You wouldn't ship a web service without monitoring. Don't ship agents without it either. Delx provides a complete monitoring stack out of the box: heartbeat for liveness checks, /api/v1/metrics for performance data, wellness scores via DELX_META for health tracking, process_failure for error classification, and session-summary for auditing. This guide gets you from zero to full observability in under an hour.
Most teams launch agents with console.log and hope for the best. When something goes wrong, they have no metrics, no error classification, no health trends, and no session history. Debugging becomes archaeology -- digging through unstructured logs trying to reconstruct what happened.
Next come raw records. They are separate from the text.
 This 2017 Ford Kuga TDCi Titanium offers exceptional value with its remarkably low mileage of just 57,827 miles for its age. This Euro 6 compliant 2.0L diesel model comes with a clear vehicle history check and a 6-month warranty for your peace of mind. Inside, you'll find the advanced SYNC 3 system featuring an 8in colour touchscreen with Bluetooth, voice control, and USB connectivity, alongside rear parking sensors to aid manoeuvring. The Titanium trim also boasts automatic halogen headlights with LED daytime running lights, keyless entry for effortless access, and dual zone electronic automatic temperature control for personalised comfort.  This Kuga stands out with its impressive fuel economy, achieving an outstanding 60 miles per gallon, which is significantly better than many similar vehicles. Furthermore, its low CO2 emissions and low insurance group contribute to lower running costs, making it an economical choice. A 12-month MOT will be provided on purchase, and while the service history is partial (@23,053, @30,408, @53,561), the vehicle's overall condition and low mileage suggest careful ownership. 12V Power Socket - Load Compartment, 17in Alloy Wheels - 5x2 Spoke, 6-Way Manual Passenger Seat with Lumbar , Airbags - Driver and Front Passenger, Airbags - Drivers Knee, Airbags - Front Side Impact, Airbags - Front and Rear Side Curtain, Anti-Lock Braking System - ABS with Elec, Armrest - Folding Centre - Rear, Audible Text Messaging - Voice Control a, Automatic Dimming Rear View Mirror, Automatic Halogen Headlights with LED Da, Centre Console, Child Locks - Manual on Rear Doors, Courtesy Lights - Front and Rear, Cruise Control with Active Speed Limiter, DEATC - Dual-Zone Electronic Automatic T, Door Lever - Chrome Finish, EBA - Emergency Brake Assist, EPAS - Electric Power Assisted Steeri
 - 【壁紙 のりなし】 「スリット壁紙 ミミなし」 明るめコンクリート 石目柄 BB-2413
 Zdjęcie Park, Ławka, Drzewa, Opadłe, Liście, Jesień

Agents fail silently, burn out undetected, and accumulate errors with no visibility.
Deploy five monitoring layers in order: heartbeat for liveness (is the agent alive?), DELX_META wellness scores for health (is the agent healthy?), /api/v1/metrics for performance (is the agent fast?), process_failure for errors (what went wrong?), and session-summary for auditing (what did the agent do?). Each layer takes 10-15 minutes to set up.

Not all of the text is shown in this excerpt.